Published on: October 3, 2018
The last (but not least) of this year’s Nobel science prizes was for chemistry – and the winners’ research projects also dabbled in biology and engineering.
The 2018 Chemistry Laureates took control of evolution and used the same principles – genetic change and selection – to create compounds helpful to mankind.
Evolution’s helpful traits don’t appear by design — they’re random variations. Nobel winners Frances Arnold, George Smith and Gregory Winter directed the evolution of biological molecules, accelerating it to a level much faster than what happens in nature. Arnold’s research bred enzyme-producing bacteria; Smith and Gregory harnessed antibodies (proteins).
Arnold’s research took a traditional path of modifying enzymes through logic and knowledge; she then switched to evolution, applying the principles of randomness, like “Darwin in the test tube.” Those who scoffed at her work said, “‘It’s not science’ or ‘Gentlemen don’t do random mutagenesis …’ But I’m an engineer! Only engineers would do something like that,” Arnold recounted.
In her initial experiments, she produced an enzyme that, by its third generation, was more than 200 times as effective.
Today, the resulting improved molecules have a wide range of applications, including brain imaging, friendly detergents and pharmaceuticals – for example, biofuel-producing organisms and synthetic pheromones whose odor scares harmful bugs away from crops.
George Smith developed a method called phage display, in which a bacteriophage – a virus that infects bacteria – can be used to evolve new proteins; he predicted that the method could help to develop new vaccines.
A paper Smith authored has been cited more than a thousand times and has influenced at least 10 times that many new scientific documents.

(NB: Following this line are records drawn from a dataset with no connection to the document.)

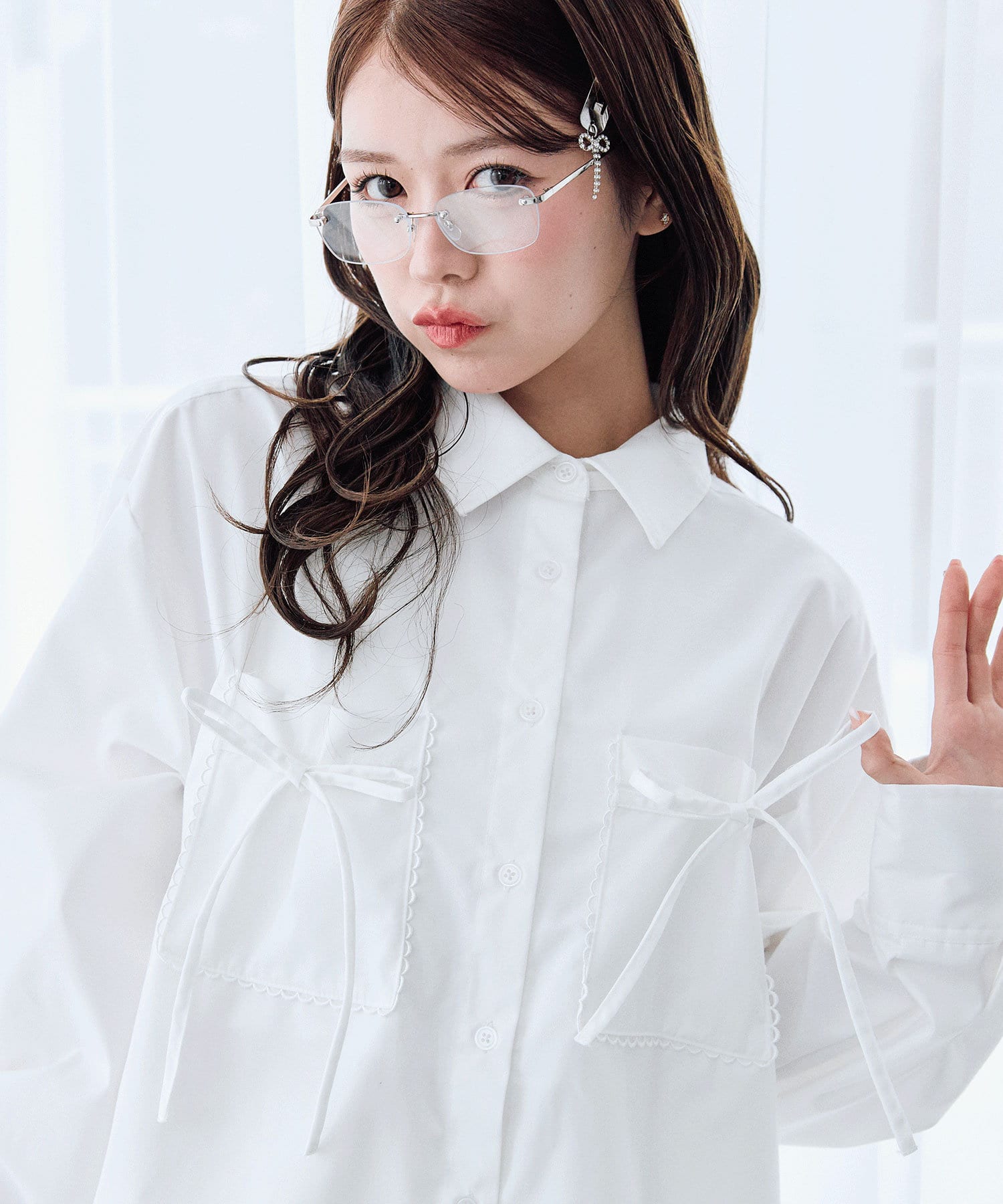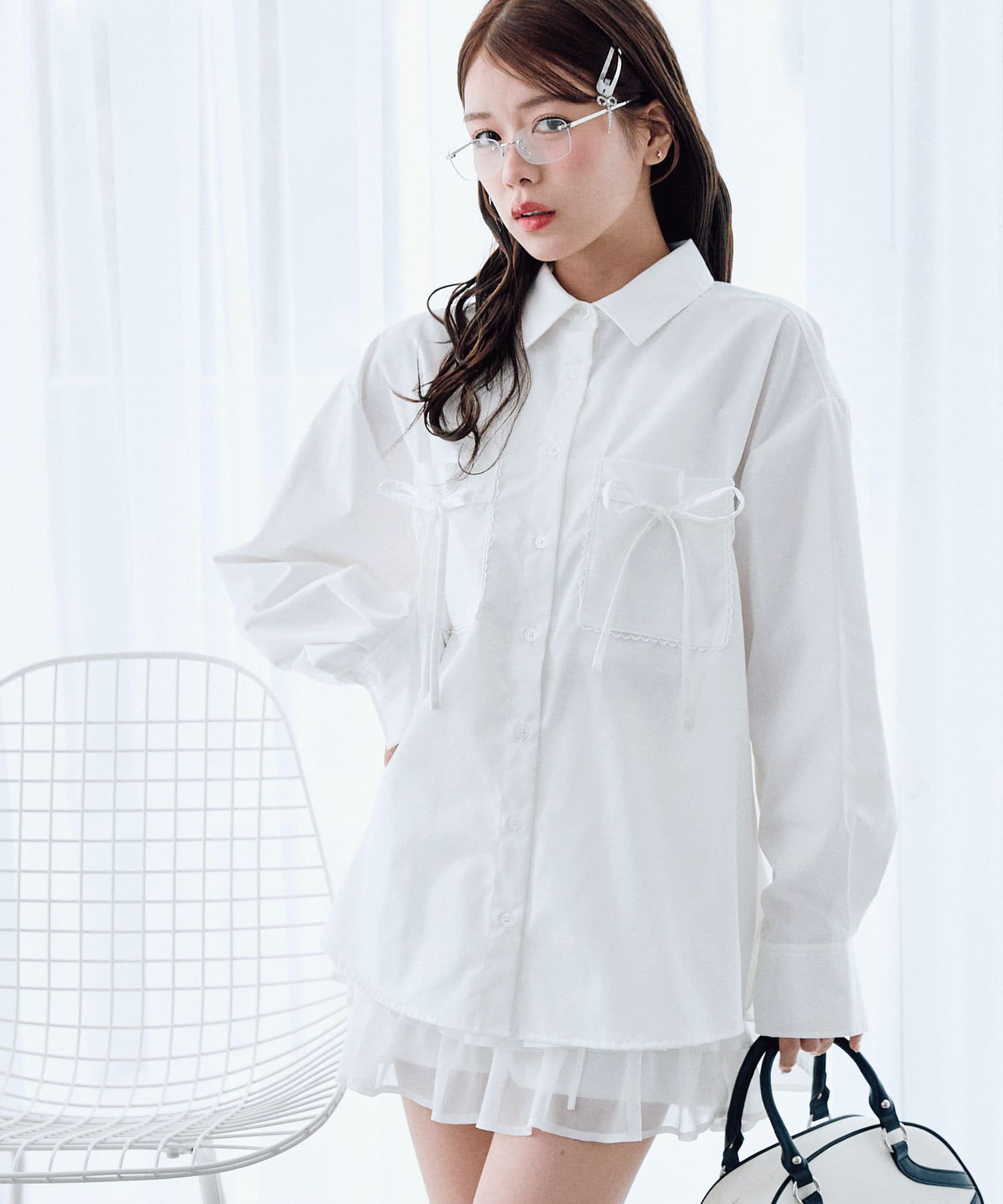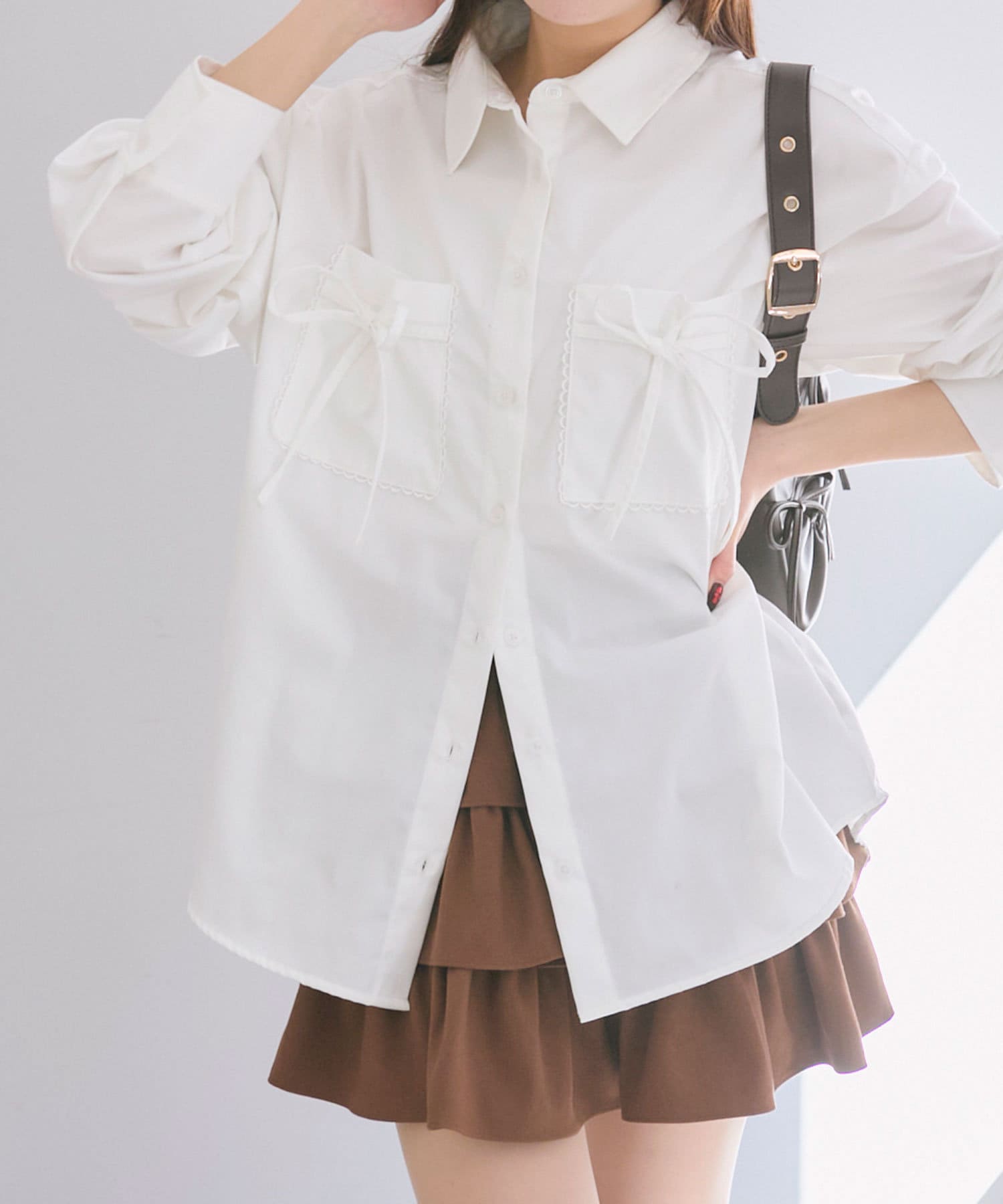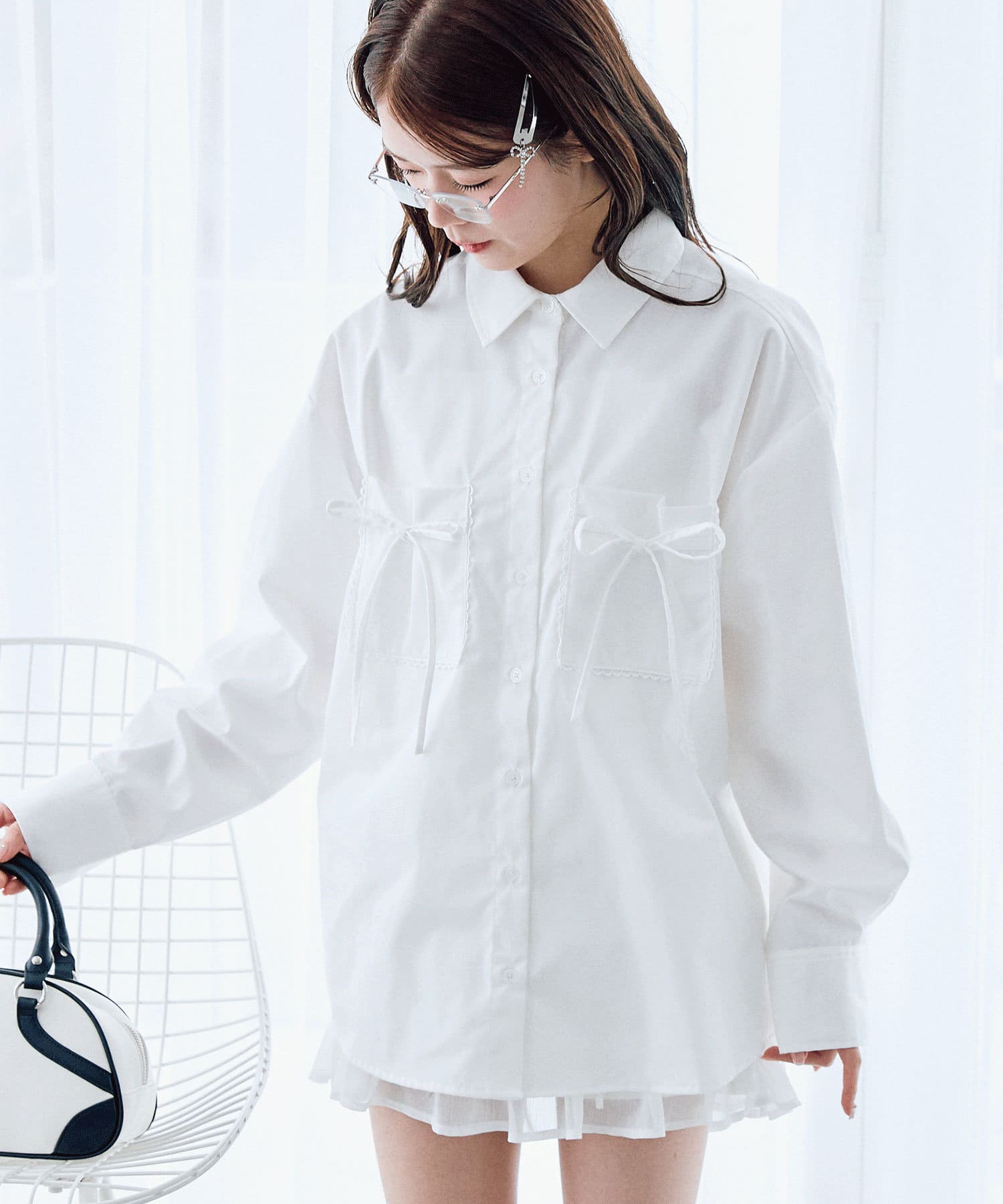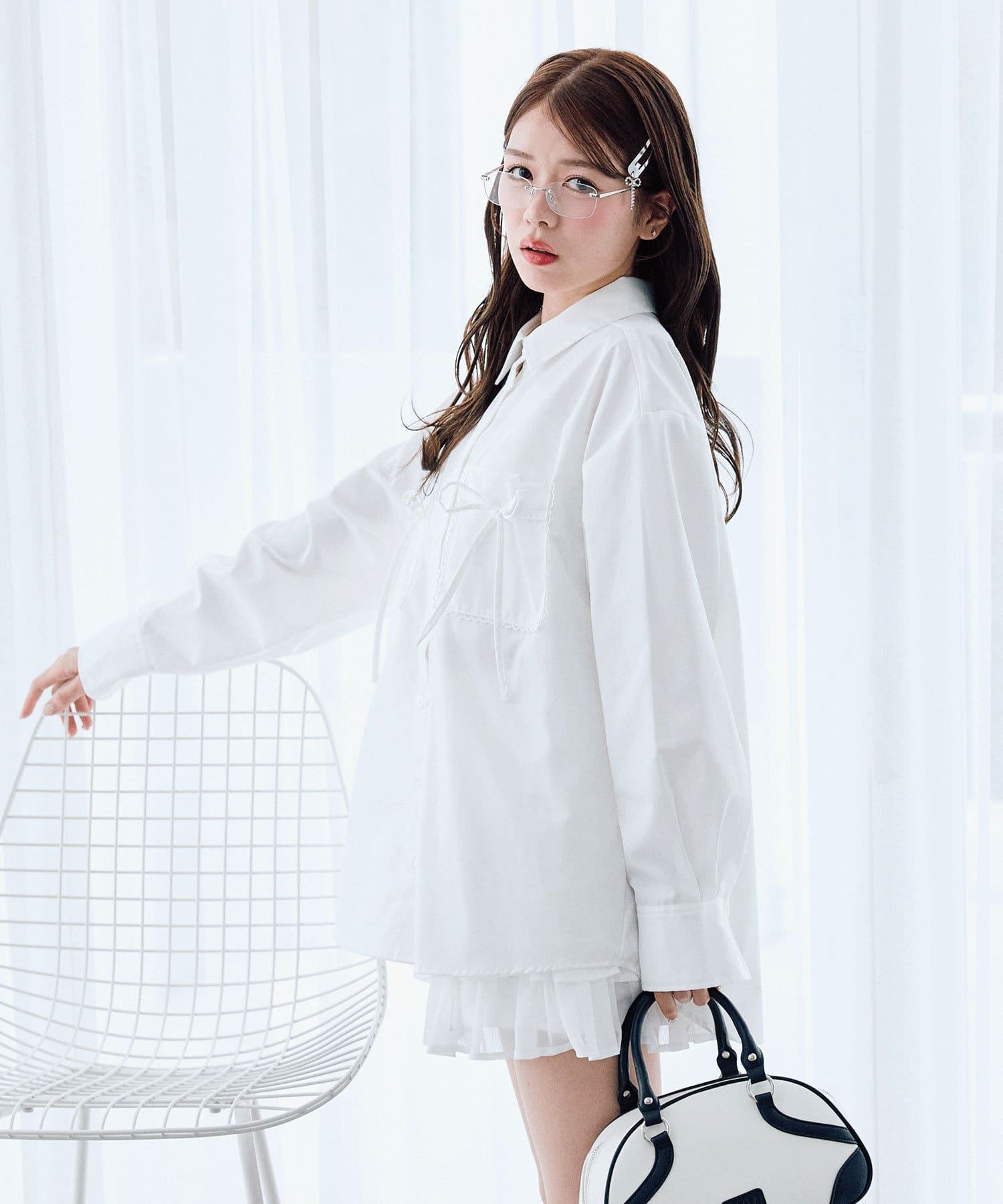 ・ポケット部分にリボンを施し、程よい甘さがプラスされたオーバーサイズのシャツ。
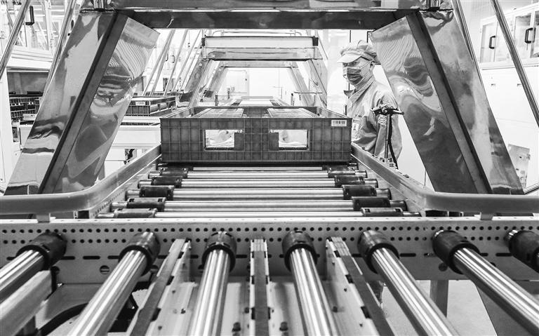 ▼12月1日,安徽省马鞍山经开区的蜂巢动力锂离子电池项目基地,员工在生产新能源汽车动力电池。近年来,该市围绕新兴产业开展补链固链强链,打造具有影响力的新兴产业聚集地。
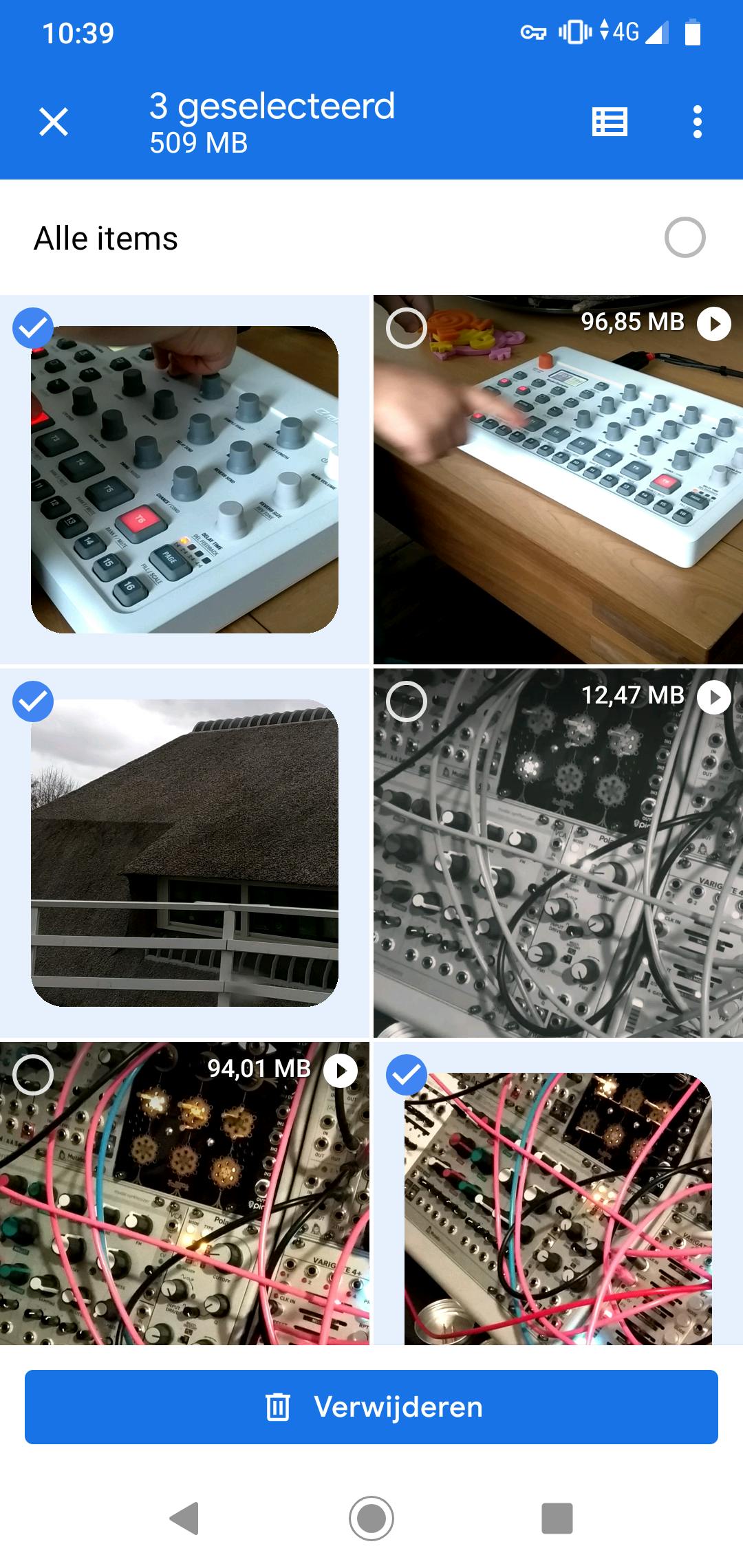 Andere bestanden die je wellicht van je apparaat kunt verwijderen, zijn downloads. Misschien heb je eens een pdf-bestand geopend en is deze automatisch naar je systeem gekopieerd? Om écht ruimte te besparen, kun je je grootste bestanden weggooien. Android heeft ze al voor je geselecteerd onder Grote bestanden. De meeste bestanden zullen video’s zijn die je met de interne camera hebt genomen. Je ziet boven de video of het bestand meteen hoeveel ruimte het bestand inneemt, op deze manier kun je snel vele MB’s of zelfs GB’s aan ruimte besparen.

Gregory Winter used phage display to produce new pharmaceuticals, introducing mutations to make antibodies better at binding to their targets.
In 2002, the Food and Drug Administration approved the first human-antibody-based drug, adalimumab, sold as Humira, to treat auto-immune diseases such as rheumatoid arthritis, ankylosing spondylitis, chronic plaque psoriasis and Crohn disease. “I didn’t have any idea [the technique] would be so successful,” Winter said. “In the 1990s, the pharmaceutical industry was run by chemists. To them, a drug was a chemical. They didn’t believe antibodies would be therapeutics.”
Today, phage display has produced antibodies that can neutralize toxins, counteract autoimmune diseases and cure metastatic cancer.
Wayne Marasco of the Dana-Farber Cancer Institute said that the lab technique that Smith and Winter developed “lets scientists screen millions or even billions of antibodies for their ability to grab onto a target like a protein on the surface of a cancer cell. It makes such screening far faster and more efficient.”
So our congratulations go out to Chemistry Nobel winners Arnold, Smith and Winter, who leveraged their research in chemistry, molecular biology, and protein science to develop new types of chemicals for the greatest benefit of humankind.
If you’re finding it hard to see how an enzyme or a phage is chemistry, believe Oliver Jones, a chemist from RMIT University in Melbourne, Australia, who said “They are. Chemistry underpins so many things in our lives, even if it is not always immediately obvious.”